*Data provided*.
↓
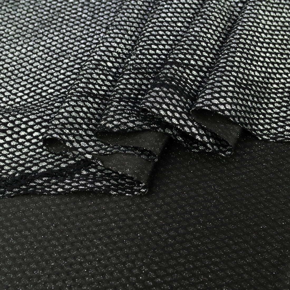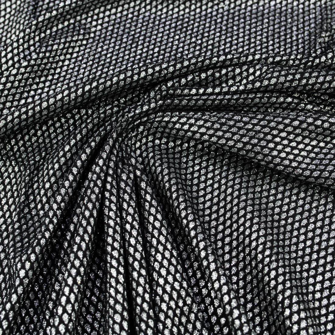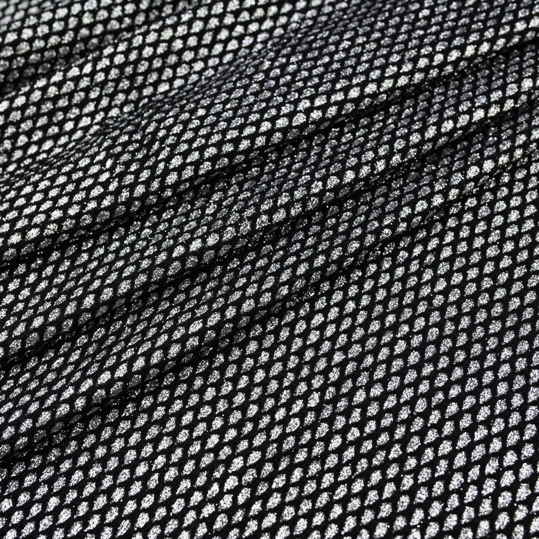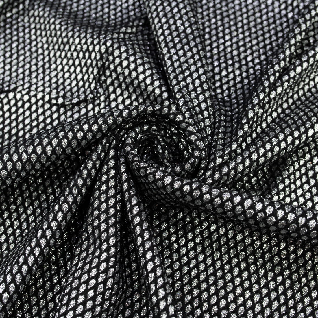 Dzianina Brokatowa – Srebrny Blask na Czarnym Tle
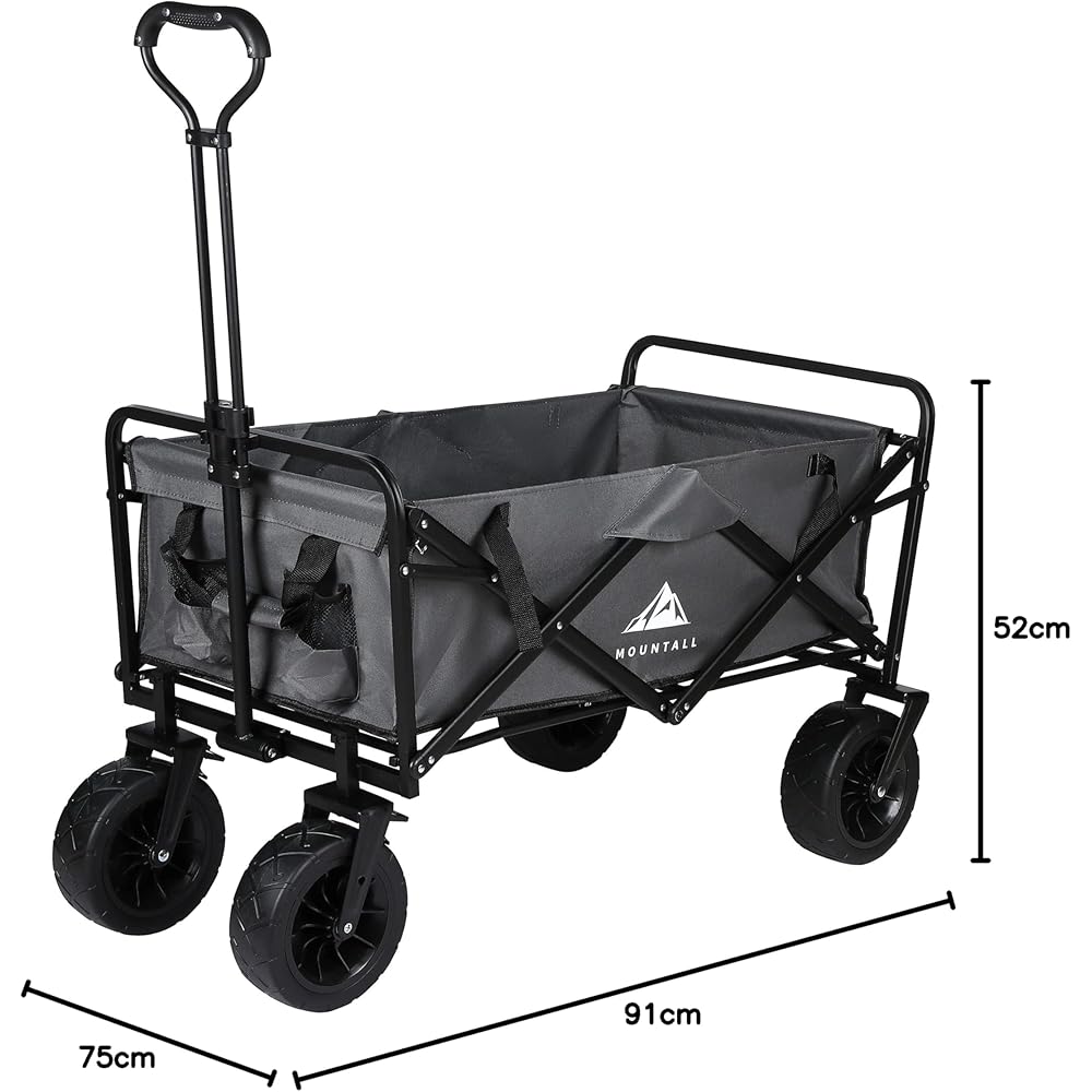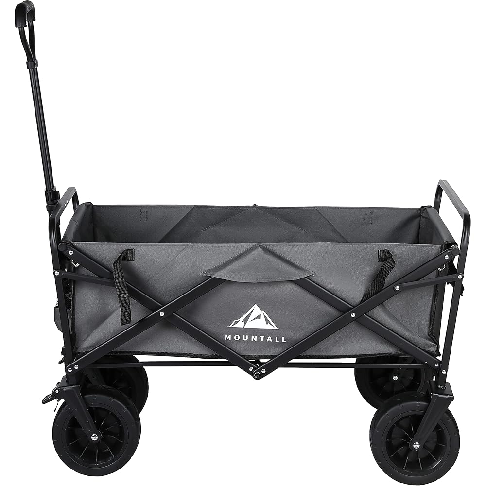 Chariot pliable robuste avec grande roue, chariot de transport en plein air, remorque de jardin, chariot utilitaire avec housse (gris) : Cuisine et Maison
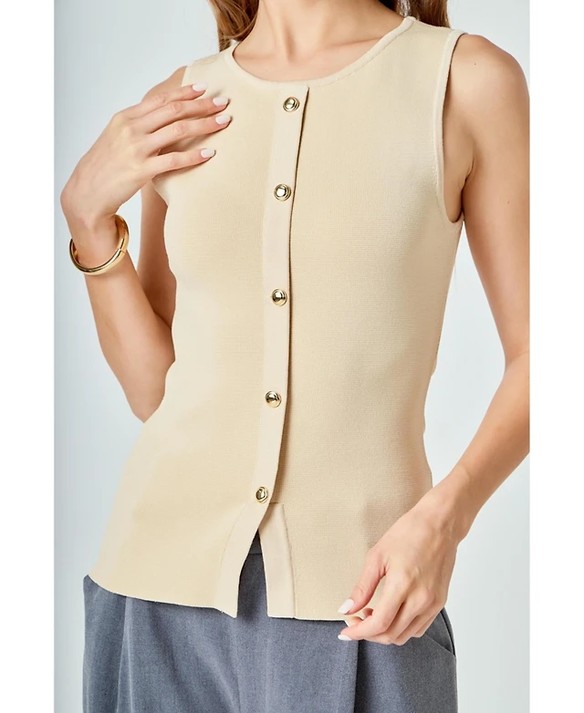 endless rose Women's Knit Buttoned Sleeveless Top
↑
*Work instructions*. Skipping the pictures, transcribe each line above exactly as it appears.

*Response*.
 Dzianina Brokatowa – Srebrny Blask na Czarnym Tle
 Chariot pliable robuste avec grande roue, chariot de transport en plein air, remorque de jardin, chariot utilitaire avec housse (gris) : Cuisine et Maison
 endless rose Women's Knit Buttoned Sleeveless Top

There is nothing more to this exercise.